Out of 170 patients accrued from 03/2011 to 02/2015, 44 (26%) were primary resistant to AA. 48 patients had tumor infiltrated BMB at baseline. Pretreatment androgen signaling signature was linked to benefit from AA (p <0.001). Presence of ERG was associated with benefit (p=0.05), while nuclear ARV7 presence and 20 or more bone lesions at baseline with primary resistance (p=0.04 and p=0.0006 respectively).

Conclusion:

Testing of a prespecified androgen signaling signature was highly supportive of its predictive value in maximal androgen deprivation strategies in mCRPC. Further validation is under way.

Trial registration:

ClinicalTrials.gov NCT01254864.

Keywords: Castration-resistant prostate cancer, Bone metastasis, Androgen receptor, Predictive biomarkers, Abiraterone acetate

1. Introduction

In the past decade, the introduction of novel androgen signalling targeting agents in prostate cancer therapeutics has led to impressive drug development. To date, 12 phase III studies have reported positive outcomes across the disease spectrum [112]. Even though these agents exhibit efficacy both in castration naïve and resistant disease, there is a subset of tumors exhibiting primary resistance. The castration resistant state is more enriched for these, with roughly one of four patients exhibiting primary resistance to treatment with abiraterone acetate (AA) or enzalutamide [13, 14].
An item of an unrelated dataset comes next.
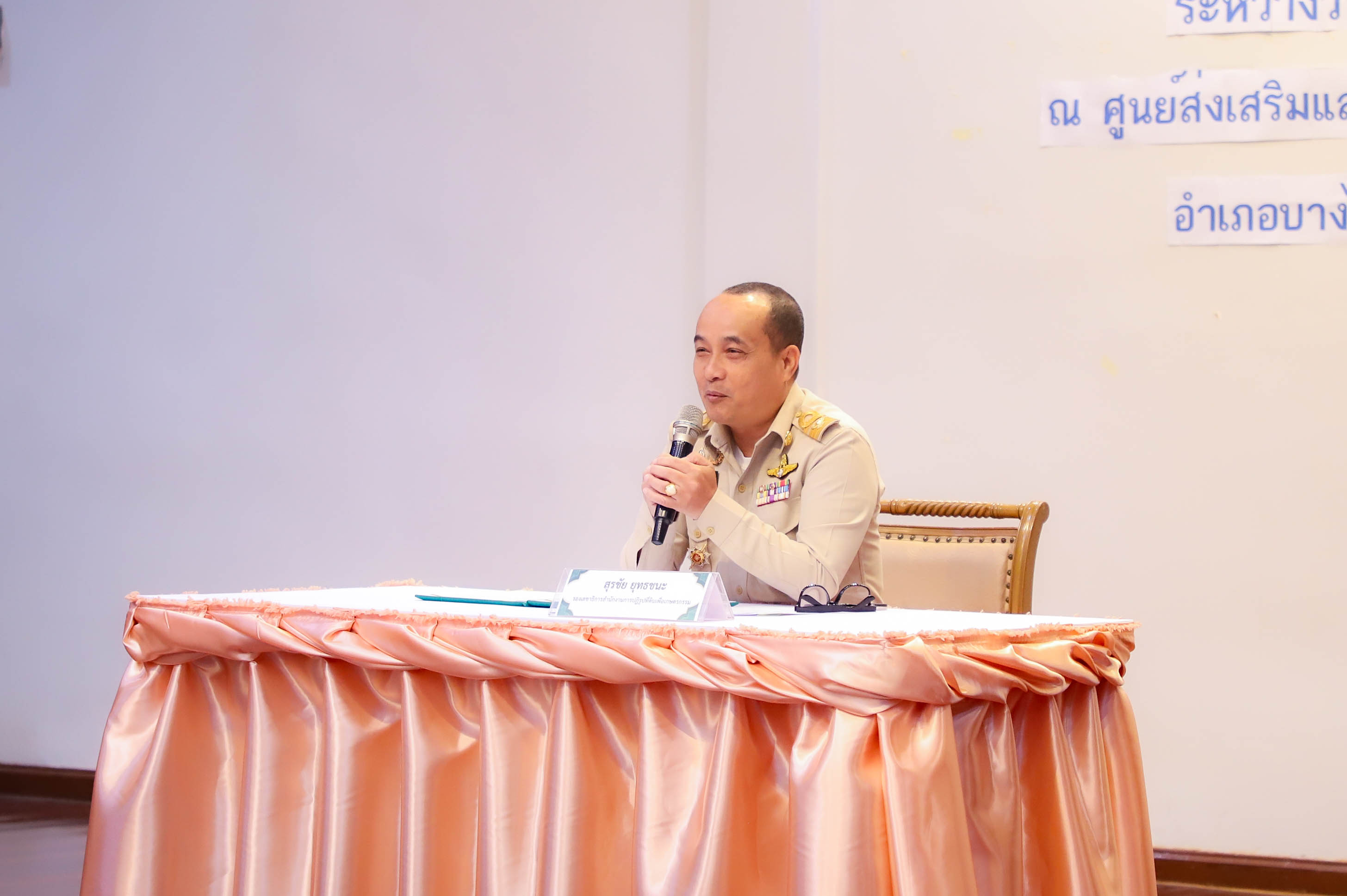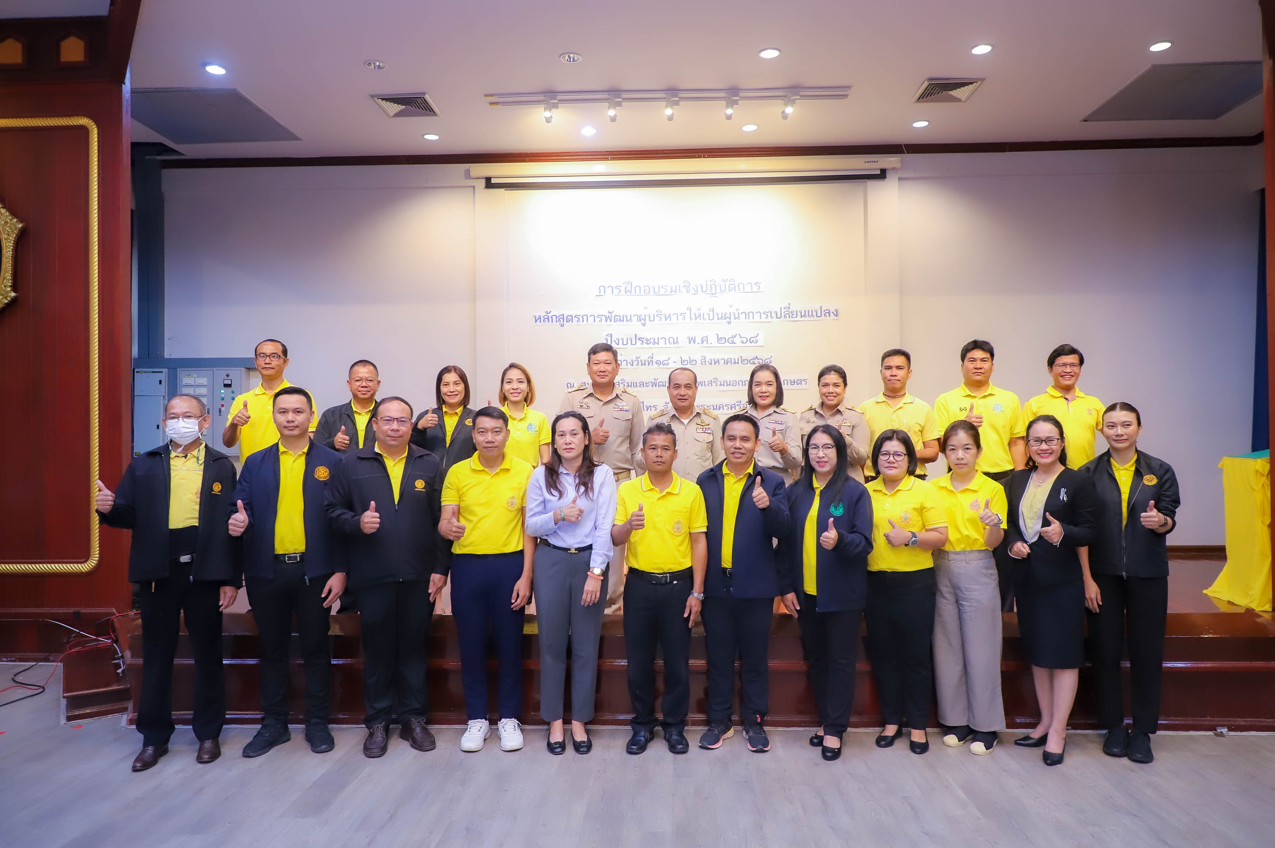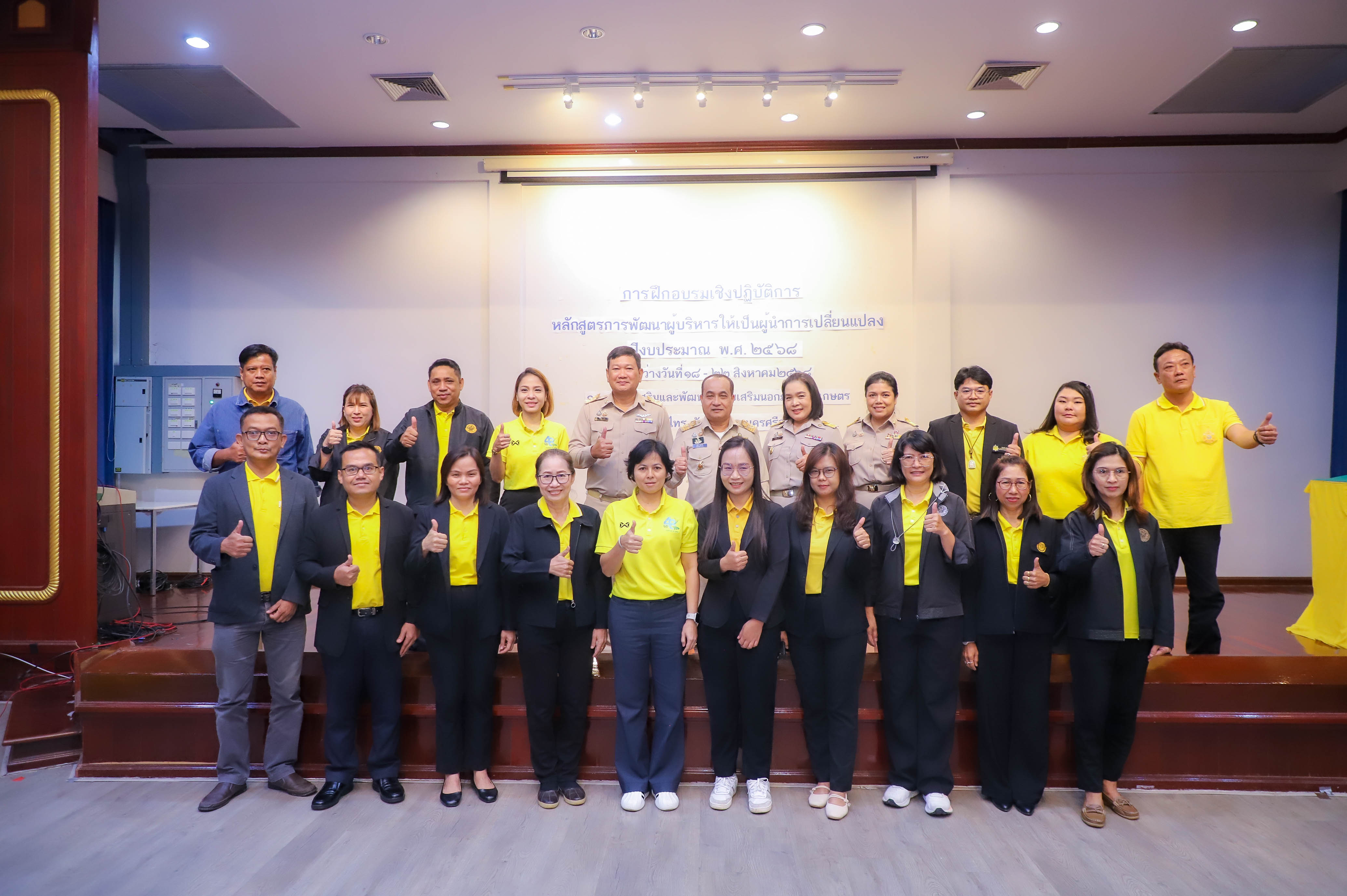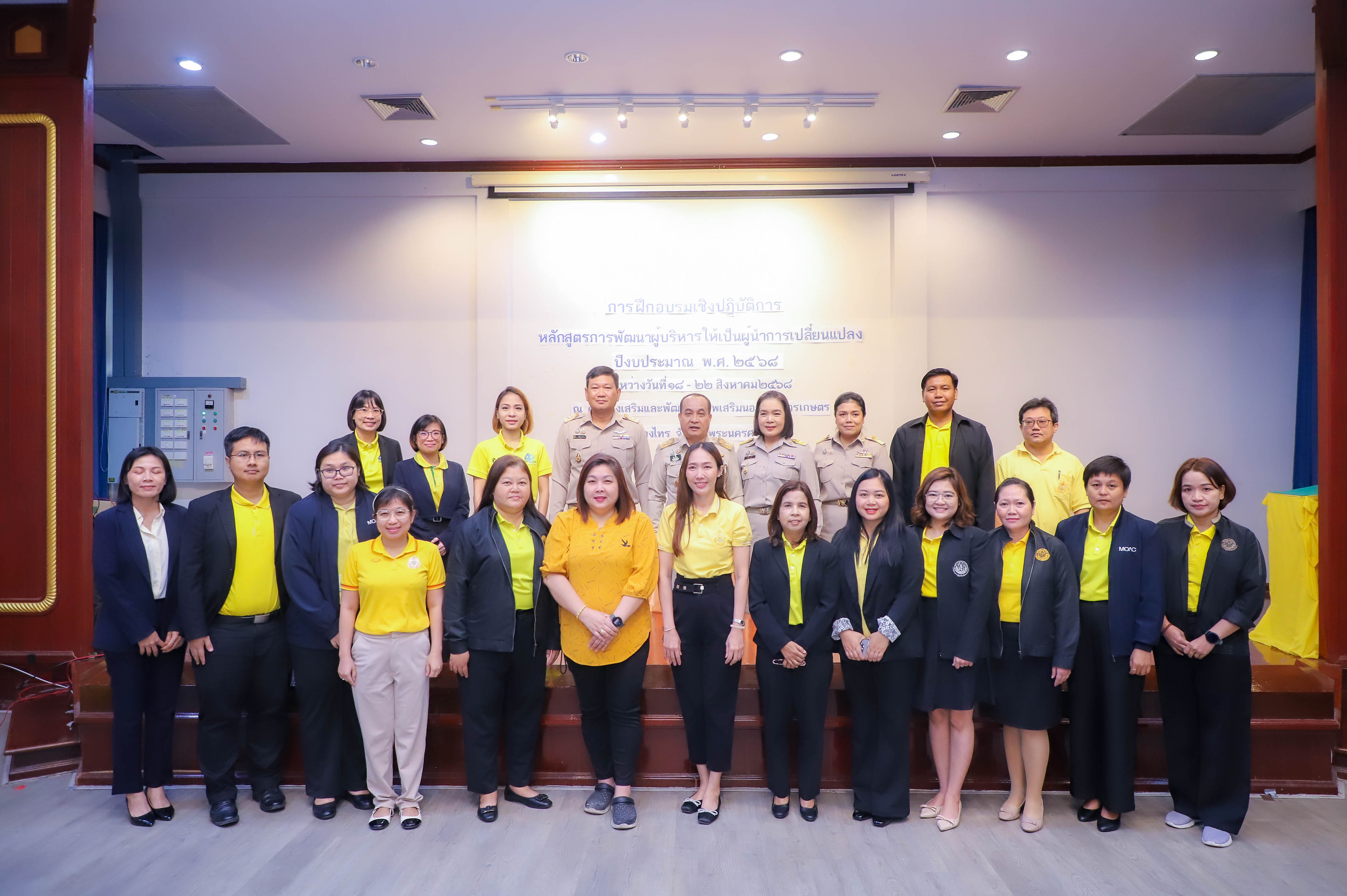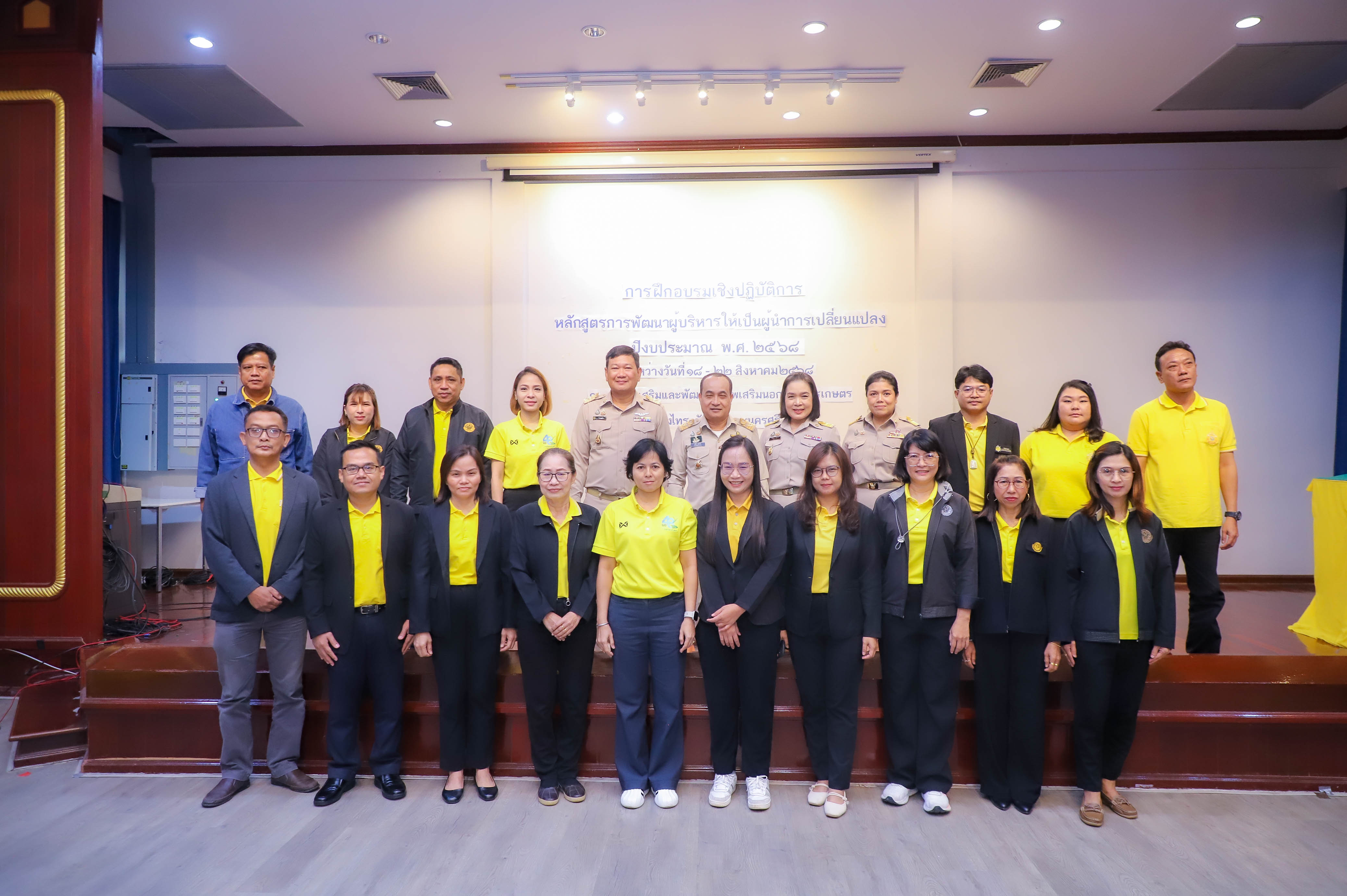 นายเศรษฐเกียรติ กระจ่างวงษ์ เลขาธิการสำนักงานการปฏิรูปที่ดินเพื่อเกษตรกรรม (ส.ป.ก.) มอบหมายให้ นายสุรชัย ยุทธชนะ รองเลขาธิการ ส.ป.ก. เป็นประธานในพิธีเปิดโครงการฝึกอบรมเชิงปฏิบัติการ หลักสูตร การพัฒนาผู้บริหารให้เป็นผู้นำการเปลี่ยนแปลง ปีงบประมาณ พ.ศ. 2568 พร้อมด้วย นางสาวพจนันท์ กองมาก ปฏิรูปที่ดินจังหวัดพระนครศรีอยุธยา นางสาวสิริมา แจ้งกระจ่าง ผู้อำนวยการศูนย์ส่งเสริมและพัฒนาอาชีพเสริมนอกภาคการเกษตร โดยมี นายธเนตร พารา ผู้อำนวยการสำนักพัฒนาและถ่ายทอดเทคโนโลยี กล่าวรายงานวัตถุประสงค์โครงการ เพื่อให้ผู้เข้ารับการฝึกอบรมเชิงปฏิบัติการ ได้เข้าใจบทบาทในการบริหารจัดการงานในฐานะผู้นำ ได้รับการพัฒนาความรู้และพัฒนาทักษะในการเป็นผู้นำการเปลี่ยนแปลงในการพัฒนาตนและพัฒนาคนแบบ Soft Skill ณ ศูนย์ส่งเสริมและพัฒนาอาชีพเสริมนอกภาคการเกษตร (ศพส.) อำเภอบางไทร จังหวัดพระนครศรีอยุธยา ในวันที่ 18 สิงหาคม 2568

Notwithstanding the impressive drug development, therapy development has been limited by a prevailing ‘one fits all’ culture. Hence, even though we are aware that response to novel androgen signaling inhibitors is not universal, we invariably expose all patients to novel androgen signaling inhibitors, thus incurring detrimental delays and unwarranted safety risks. The unmet need for markers predictive of outcome has been our primary focus with a series of studies in patients with metastatic castration resistant prostate cancer (mCRPC). We have demonstrated the feasibility of serial bone marrow sampling in the clinical setting and identified candidate molecular markers predictive of response to therapy. This included the first in human report of association of nuclear androgen receptor splice variant 7 (ARV7) presence with primary resistance [14]. Moreover, androgen receptor (AR) overexpression, CYP17 expression and an AR-C /-N terminal domain expression ratio of approximately 1 were associated with response to both AA and enzalutamide [1315]. This prespecified molecular signature was prospectively tested in a bi-modular phase II trial in patients with bone mCRPC receiving maximal androgen depletion with AA (1st module) followed by randomization to combination with dasatinib or sunitinib (2nd module). We present results of the 1st module, testing the proposed candidate androgen signaling signature.

2. Methods

2.1. Patients

A prospective, open-label, phase II, randomized, single-center study was conducted at MD Anderson Cancer Center (MDACC) following institutional review board approval (NCT01254864). Patients had mCRPC progression defined as prostate specific antigen (PSA) progression per Prostate Cancer Working Group (PCWG2) criteria or radiographic progression with castrate testosterone levels ≤ 50 ng/dL [16]. Previous treatment with docetaxel was allowed. All patients provided written informed consent. A comprehensive list of inclusion and exclusion criteria is available in the supplementary material.

2.2. Study Design

This is a phase II study of AA in mCRPC patients randomized to combination with dasatinib or sunitinib upon progression. Patients received treatment with 1g AA orally once daily in combination with 5mg prednisone orally twice daily (1st module of the trial). Treatment continued until “composite” progression according to PCWG2 criteria. At the time of progression, patients were evaluated and randomized to receive Sunitinib or Dasatinib while continuing AA (2nd module of the trial). Patients continued treatment until progression per PCWG2 criteria or limiting toxicity and subsequently crossed over to the alternate targeted agent. Study design is depicted in Figure 1.

Figure 1: Trial schema.

Figure 1:

We are reporting the 1st module of the trial. Assessments included bone marrow biopsy (BMB) with matched blood and bone marrow aspirate (BMA) collection at baseline and upon progression on AA.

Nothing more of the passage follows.